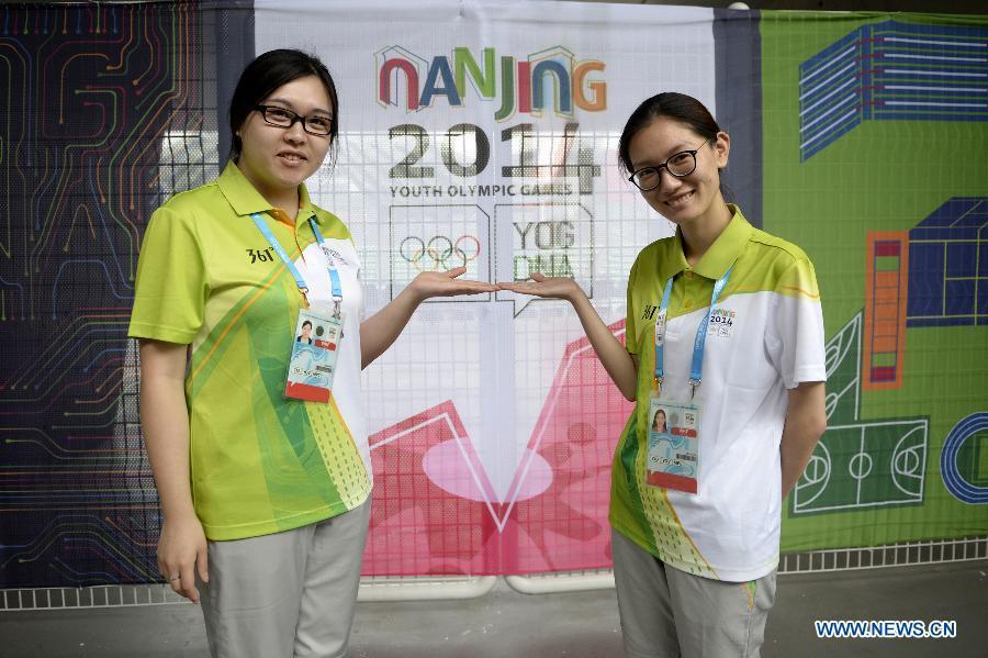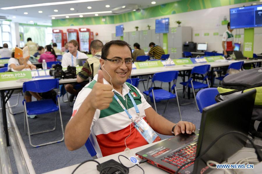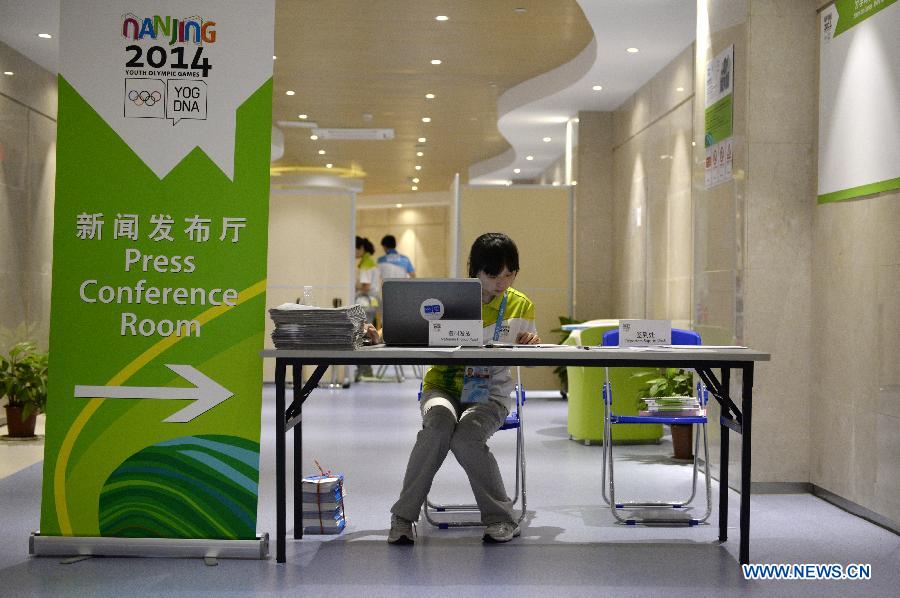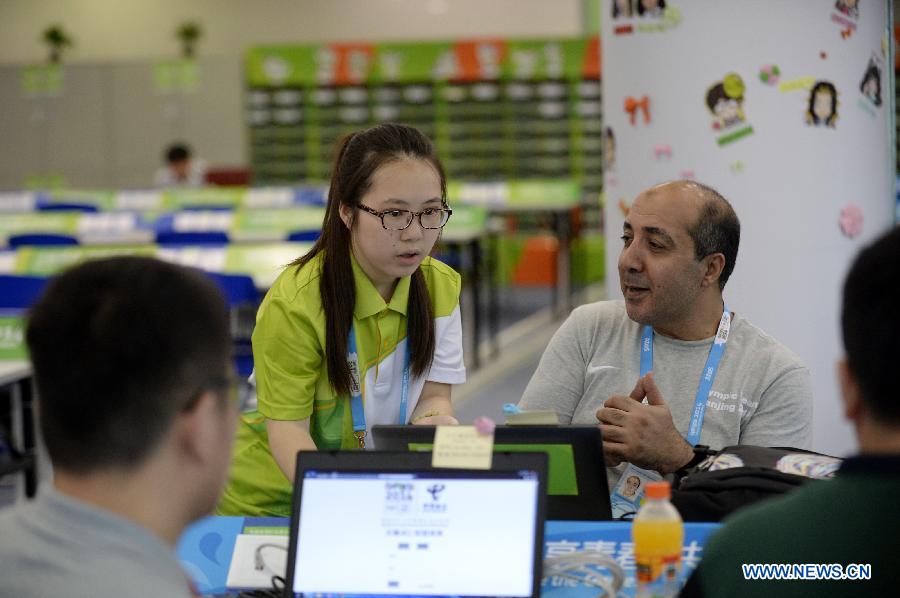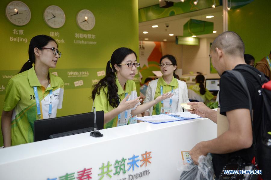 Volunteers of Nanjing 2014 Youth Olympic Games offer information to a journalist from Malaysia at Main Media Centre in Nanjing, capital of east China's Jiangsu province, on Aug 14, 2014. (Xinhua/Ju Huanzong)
==
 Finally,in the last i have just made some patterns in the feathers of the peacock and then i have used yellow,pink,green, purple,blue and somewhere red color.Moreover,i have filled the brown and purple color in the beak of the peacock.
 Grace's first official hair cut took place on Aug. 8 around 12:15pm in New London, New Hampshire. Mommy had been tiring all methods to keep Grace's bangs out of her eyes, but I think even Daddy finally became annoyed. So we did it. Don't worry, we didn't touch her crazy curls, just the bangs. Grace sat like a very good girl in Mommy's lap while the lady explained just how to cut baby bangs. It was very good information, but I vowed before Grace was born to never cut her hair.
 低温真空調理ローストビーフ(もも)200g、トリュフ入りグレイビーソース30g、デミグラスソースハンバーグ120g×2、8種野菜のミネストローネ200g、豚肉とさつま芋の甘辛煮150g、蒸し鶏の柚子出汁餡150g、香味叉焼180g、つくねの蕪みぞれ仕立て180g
==
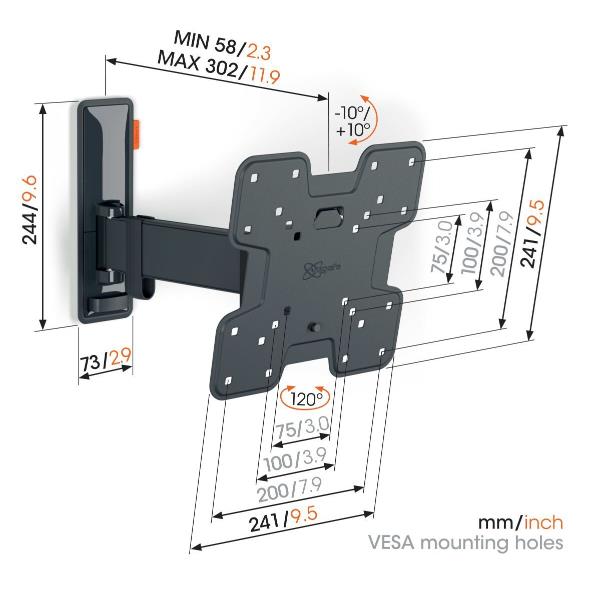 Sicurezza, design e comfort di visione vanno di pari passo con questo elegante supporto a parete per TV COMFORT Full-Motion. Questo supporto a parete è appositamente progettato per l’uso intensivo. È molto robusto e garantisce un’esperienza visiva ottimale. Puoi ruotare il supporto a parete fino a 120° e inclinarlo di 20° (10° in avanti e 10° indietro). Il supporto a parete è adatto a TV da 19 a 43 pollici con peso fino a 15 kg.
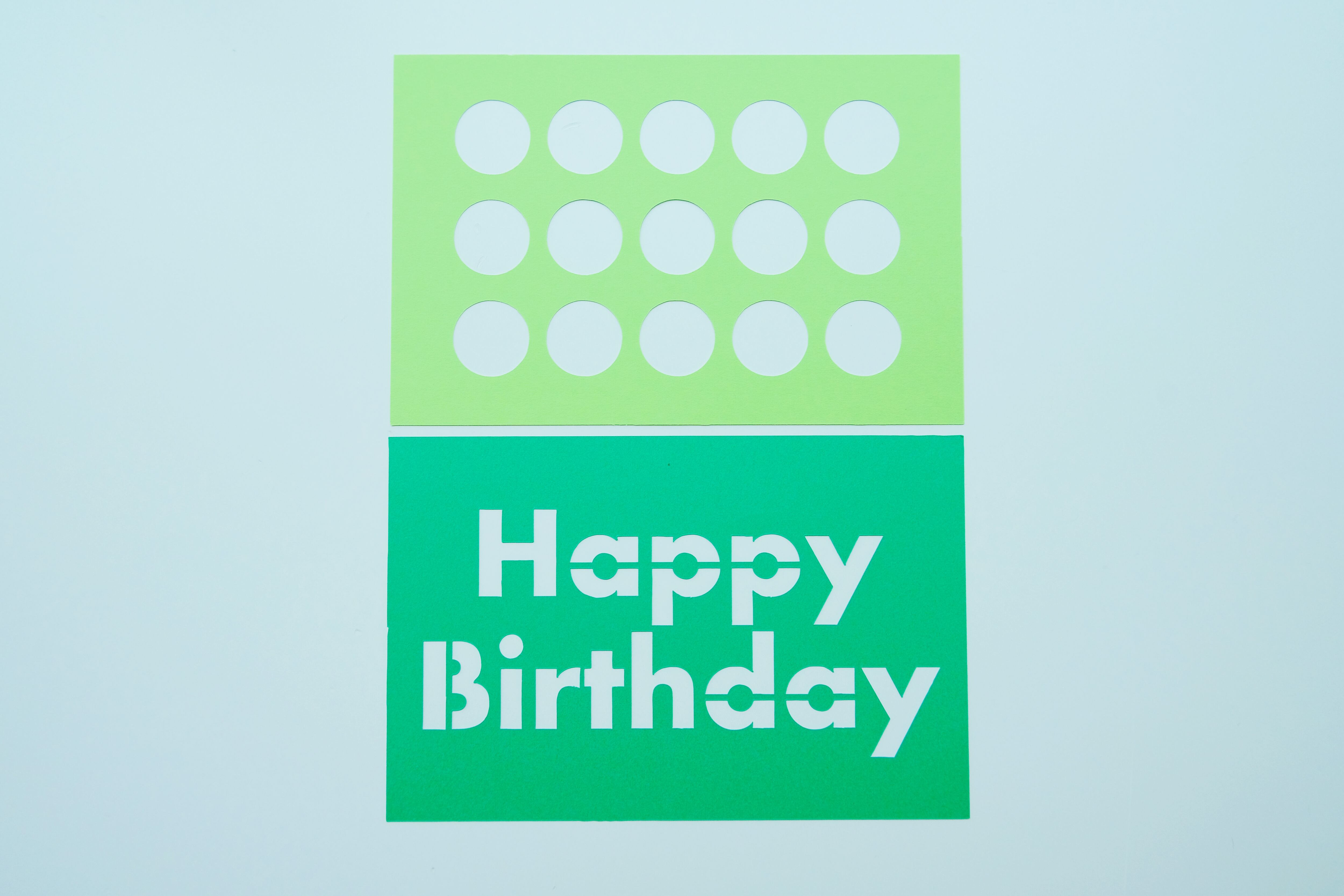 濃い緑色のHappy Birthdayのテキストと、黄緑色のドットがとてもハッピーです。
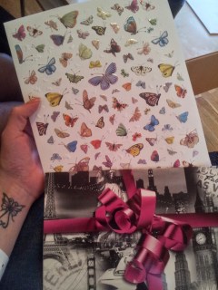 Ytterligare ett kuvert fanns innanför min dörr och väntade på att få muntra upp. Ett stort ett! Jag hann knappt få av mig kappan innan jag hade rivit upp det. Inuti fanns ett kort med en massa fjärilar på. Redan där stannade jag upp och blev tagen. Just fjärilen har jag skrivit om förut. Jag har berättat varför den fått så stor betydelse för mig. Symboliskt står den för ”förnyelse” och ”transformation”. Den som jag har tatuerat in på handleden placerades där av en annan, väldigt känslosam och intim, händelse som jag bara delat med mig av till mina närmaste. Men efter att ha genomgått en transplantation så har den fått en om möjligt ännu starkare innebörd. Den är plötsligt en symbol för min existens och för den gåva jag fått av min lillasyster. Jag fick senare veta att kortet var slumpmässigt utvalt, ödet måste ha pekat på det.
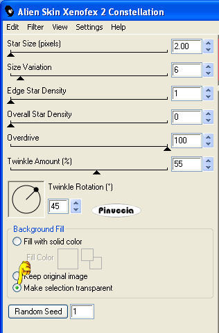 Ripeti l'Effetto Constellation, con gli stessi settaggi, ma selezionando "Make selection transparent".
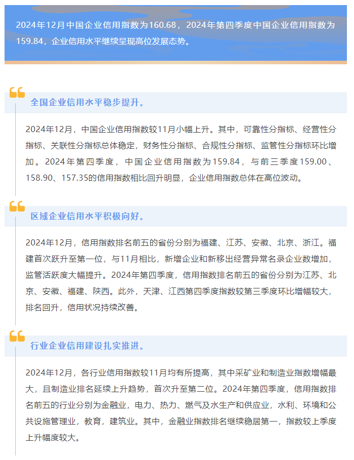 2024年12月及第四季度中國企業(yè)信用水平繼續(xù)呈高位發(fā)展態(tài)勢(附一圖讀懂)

- _EXERCISE INSTRUCTIONS_: Out of the records above, return only the lines from the one with "Ripeti l'Effetto Constellation, con" through the one with "2024年12月及第四季度中", exactly, and none of the pictures.

- _REPLY TO THE EXERCISE_:
 Ripeti l'Effetto Constellation, con gli stessi settaggi, ma selezionando "Make selection transparent".
 2024年12月及第四季度中國企業(yè)信用水平繼續(xù)呈高位發(fā)展態(tài)勢(附一圖讀懂)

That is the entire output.